Re: Character escapes in prefix names from David Wood on 2011-11-25 (public-rdf-wg@w3.org from November 2011)

From: David Wood <david@3roundstones.com>
Date: Fri, 25 Nov 2011 08:58:20 -0500
To: Andy Seaborne <andy.seaborne@epimorphics.com>
Cc: RDF-WG <public-rdf-wg@w3.org>
Message-Id: <89E89395-ABFE-4FC0-B2A4-045A25D47485@3roundstones.com>

Good idea.  The normal sort of issues that come up include:

- Is an escaped character not in the list its normal value, e.g. \a == a?  I think so.
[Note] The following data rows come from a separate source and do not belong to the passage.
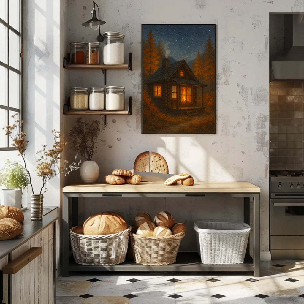 Experience the tranquility of a serene autumn night: a cozy log cabin nestled within a forest, bathed in the warm hues of orange and brown autumn foliage. The cabin's glowing windows suggest inviting warmth, whether from a crackling fire or soft interior lighting, creating a comforting contrast to a dark, starry sky above. This painterly texture art evokes nostalgia and peace, making it an ideal addition to any home seeking to capture warmth, nature, and the intimate beauty of a tranquil night. It is a perfect fit for autumn night poster collections, cozy cabin print displays, and nostalgic wall decor that resonates year after year.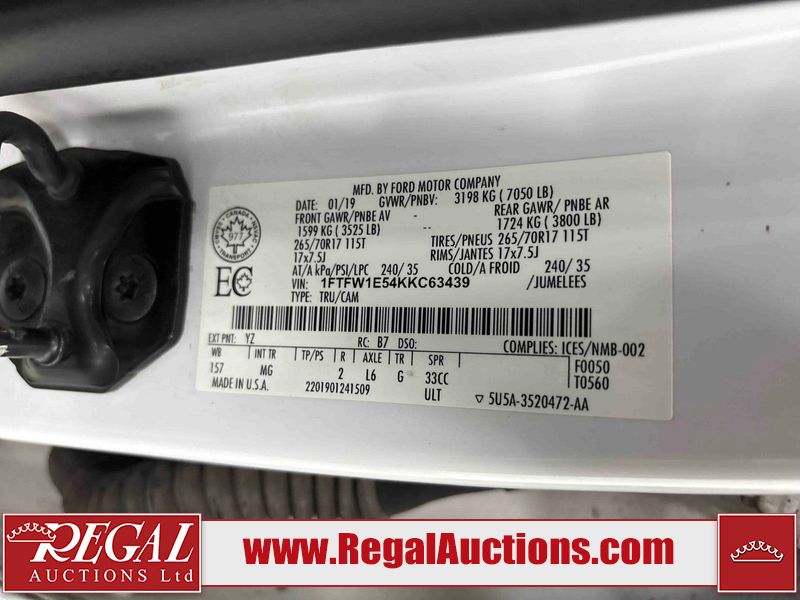 This 2019 FORD F-150 XLT SUPERCREW is powered by a 5.0L V8 gasoline engine and an automatic transmission. It is equipped with four-wheel drive. The truck has seats for 6 people. The truck has high mileage for its age. The vehicle has high-value options including a backup camera. The vehicle has some mechanical problems. The engine is making abnormal noise. (See Footnote 1) The body looks to be in fair condition overall. The tail gate has been repainted poorly. There are chips on the hood, roof, and left front fender. There is paint peeling on the roof, left rear door, and right rear fender. There are scratches on the left rear fender, tail gate, and right rear fender. The left rear fender is broken. There is minor dent damage on the rear bumper and right rear fender. There are very minor chips in many areas around the body. There are very minor scratches in many areas around the body. There is very minor dent damage on the left rear fender. The interior looks to be in good condition overall. The windshield is chipped. All of the tires have lots of tread remaining. This truck is being sold by a franchise dealership. The vehicle will be sold with the following declarations: Claims Total $10,000 - $14,999 (See Footnote 2), Dealership Trade-In (See Footnote 3), Mechanical Problems (See Footnote 1), and Out of Province - BC (See Footnote 4). Footnotes: 1) We've identified some mechanical problems with the vehicle. However, the vehicle has not undergone a mechanical inspection and our findings are not to be considered a complete evaluation of the vehicle's mechanical condition. Review our Buyer Protection Policy to see how Regal Auctions protects you from undisclosed mechanical problems. 2) The vehicle's total recorded insurance claims history is between $10,000 - $14,999. This is the amount of money that was paid out by an insurance company for repairs to cover claims against the vehicle's insurance policy. This information is provided by CarFax. 3) This vehicle is being sold on behalf of a franchise dealership. Franchise Dealerships are automotive sales companies who are directly connected to an automotive manufacturer like Ford, Tesla, Honda, BMW, or similar. 4) The vehicle's last registered jurisdiction is British Columbia. The purchaser must have the vehicle undergo and pass an Out of Province inspection before it can be registered in Alberta. Regal Auctions Ltd. makes no guarantee or warranty, either express or implied, with respect to the data provided in this report. The information has been provided from the consignor and from sources generally believed to be reliable, however the accuracy of this information cannot be guaranteed by Regal Auctions.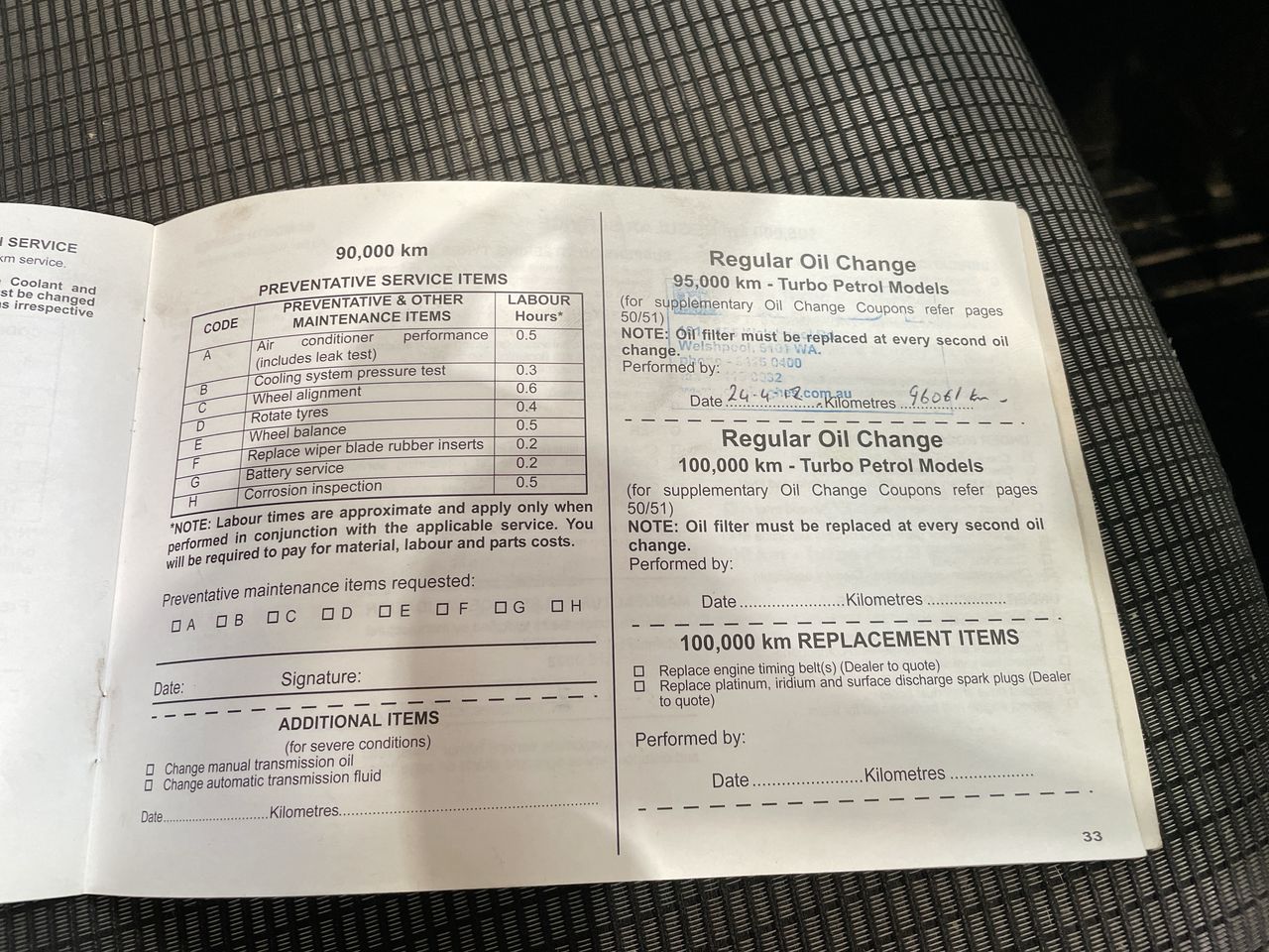 • Dents or marks on body consistent with age and kilometres.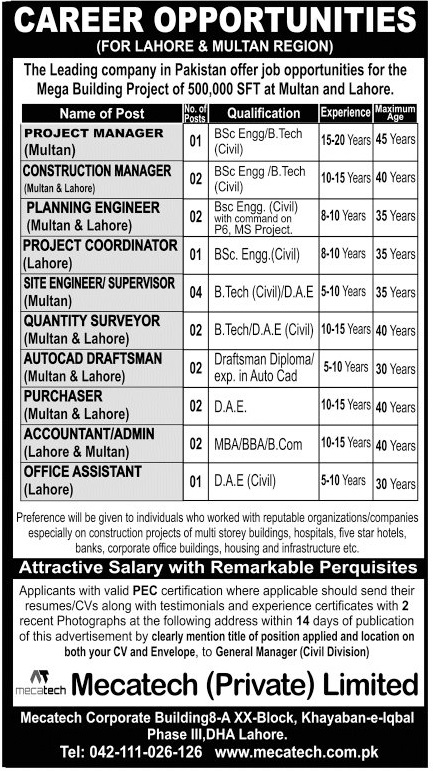 Latest Mecatech Pvt Ltd Management Posts Multan 2025

- The above infers that a backslash should always be escaped: \\

String escapes work this way in several programming languages.

Regards,
Dave


On Nov 25, 2011, at 5:55 AM, Andy Seaborne <andy.seaborne@epimorphics.com> wrote:

> 1/ If we want to have extra characters in prefixed names
> (extra characters means ones not allowed by the current syntax for PN_LOCAL)
> then it seems better to use the character escape mechanism.
> 
> Character escapes turn off the meaning of character in that context (e.g. turning " into a char in the string, not the delimiter).  The current meaning of these characters is to end the prefixed name.
> 
> Using character escapes is also (vaguely) readable.
> 
>    og:audio\:title
>    dbpedia:\%C3\%89ire
>    db:employee.id\=123
>    kinase:Cyclin_D\/Cdk4
> 
> A possible set is:
> 
>   ~.-!$&'()*+,;=:/?#@%
> 
> From RFC 3986
> 
> A/ unreserved extras which have positional restrictions (leading "-" and trailing ".")  ~.-
> 
> B/ sub-delims   !$&'()*+,;=
> 
> C/ gen-delims without []   :/?#@
> 
> D/ %
> 
> The prefixed name is still required to be a valid IRI.
> 
> (I haven't gone though all these chars in detail but they are legal IRI chars and not ones marked "unwise", I think)
> 
> 2/ Variant: Adding %XX as a token rule (so the parser will check it's two hex digits), otherwise have \% in the character escapes as above.
> 
> 
> 3/ Variant: One that we haven't discussed much is #, which is sometimes mentioned as a nuisance.  Unescaped # is also possible without major risk of breaking things.  You'd have to write a comment, with no immediately proceeding whitespace in the middle of a "triples" block.  I don't recall ever seeing such a thing.
> 
>    Andy
>

Received on Friday, 25 November 2011 13:59:05 UTC